March 1, 2019
Sonchiriya movie cast: Manoj Bajpayee, Ranvir Shorey, Sushant Singh Rajput, Ashutosh Rana, Bhumi Pednekar
Sonchiriya movie director: Abhishek Chaubey
Sonchiriya movie rating: Two stars
When Bandit Queen came out in 1996, it turned all the elements of the Bollywood ‘daaku’ movie on its head. Director Shekhar Kapur’s bandits did not sport dramatic black kurtas and crimson ’tilaks’. They did not spout florid dialogue, sprinkled with lots of Urdu. These ‘dacaits’ swore fluently, their curses had the crude flavor of the place. Their cruelty felt ingrained. Their clothes looked as if they had been cobbled together from what they had. They looked as if they had sprung from the cracked earth and brown ravines of the Chambal. They felt real even when we knew they were being realized for the film.
The only other film which matched up, and sometimes surpassed Shekhar Kapur’s classic, which foreground the remarkable tale of Phoolan Devi in a searing cauldron of caste and class, was Tigmanshu Dhulia’s 2010 Paan Singh Tomar. It was as real as movies can be.

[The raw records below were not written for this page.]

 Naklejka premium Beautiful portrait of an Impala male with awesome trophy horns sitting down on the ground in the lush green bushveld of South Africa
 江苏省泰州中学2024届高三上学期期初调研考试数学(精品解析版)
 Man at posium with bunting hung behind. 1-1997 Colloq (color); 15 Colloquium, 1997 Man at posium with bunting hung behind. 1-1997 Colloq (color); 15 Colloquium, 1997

In 2019, to ask us to watch a film on the dacoits of Chambal, is to hold out the promise of something new, while paying full attention to realism.
Abhishek Chaubey’s very scenic Sonchiriya, tramping along those nooks and crevices of the Chambal, expending hundreds of bullets and quarts of spraying blood, made familiar by countless ‘daaku’ films of the 70s and 80s, almost always feels like a retread.

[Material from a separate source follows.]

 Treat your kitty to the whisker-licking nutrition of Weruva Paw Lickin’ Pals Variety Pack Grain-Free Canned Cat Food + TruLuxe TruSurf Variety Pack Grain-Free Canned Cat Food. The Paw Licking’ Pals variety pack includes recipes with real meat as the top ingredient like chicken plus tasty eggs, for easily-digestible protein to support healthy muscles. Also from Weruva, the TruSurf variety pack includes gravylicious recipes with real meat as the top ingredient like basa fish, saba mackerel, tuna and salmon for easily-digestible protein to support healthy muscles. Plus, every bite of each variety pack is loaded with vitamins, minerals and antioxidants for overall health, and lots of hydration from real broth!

Sonchiriya takes its looks very seriously. Its band of dacoits are clad in torn and worn khakee, the holsters in which they keep their guns look used, their socks and shoes look as if they have been on those feet for miles and miles. But the film never feels as real as it should: these are actors, some of them the most brilliant we have, play-acting, and doing a great job but play-acting all the same, at being ‘daakus’. Bajpayee always catches the eye, and there are a bunch of authentic faces playing bit parts, but the one recognisable man who feels as if he belongs to the terrain here is Ashutosh Rana, playing a Gujjar cop out for vengeance.

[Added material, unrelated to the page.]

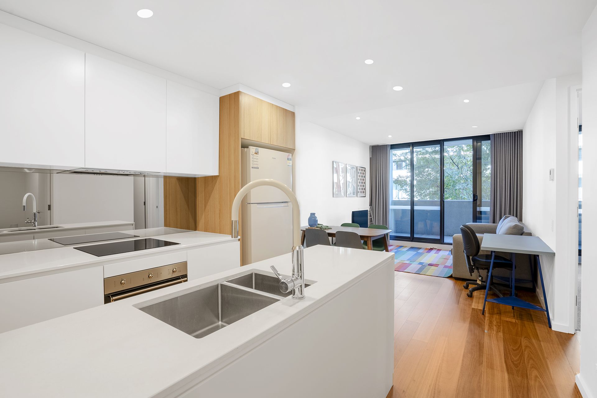 Extending off the modern kitchen, the combined living & dining area offers a spacious design.

The mid-70s, during the Emergency (we know this because we hear Mrs Gandhi’s famous proclamation on radio in the background), was a time when dacoits were being enticed by the government to lay down arms and surrender, because the time for ‘dacaiti’ was over. We hear this conversation repeated in the movie: for a film which is meant to be full of action, these ‘daakus’ speak a lot. More dialoguing than speaking.
In some of the better parts of the film, we do see the wearying men (and a woman, a very famous bandit queen who is inexplicably never addressed by the name we all knew her by) wanting to leave behind the life-spent-hiding-in-the-ravines, and the relentless circle of death and destruction. Sushant Singh Rajput’s handsome Lakhna, who is left standing till the end, is meant to exemplify this journey. The words are there, the feeling of bleakness isn’t.
The search for the golden bird, the elusive ‘sonchiriya’, which should have layered the film gets lost because it’s almost all on the surface: except for a few moments, the weariness and the exhaustion of the ‘daakus’, as well as the ‘honour’ among these men (no attacking women and children, no harming innocents, only looting the rich and their ill-begotten wealth) never feels internalized enough.
A thread, involving a local woman (Pednekar) and a little girl, both on the run, is a crucial part of the film: these characters being treated as property and brutalized at will, with an honourable ‘daaku’ stepping in to speak for them, leads to a line which still feels like a slap on the face: ‘aurat ki jaat alag hot hai’. Or words to that effect. Yes, there will always be conflict between Thakurs and the lower-castes, but women, they are their own caste.
You wish the entire film had the same power. But Sonchiriya is more a display of wonderful cinematography through which the aridness of the Chambal is lensed, and a series of kinetic hold-your-breath-till-they-end set-pieces (which includes Chaubey’s fondness for Mexican stand-offs), than an exploration of despairing people on the edge of the wedge.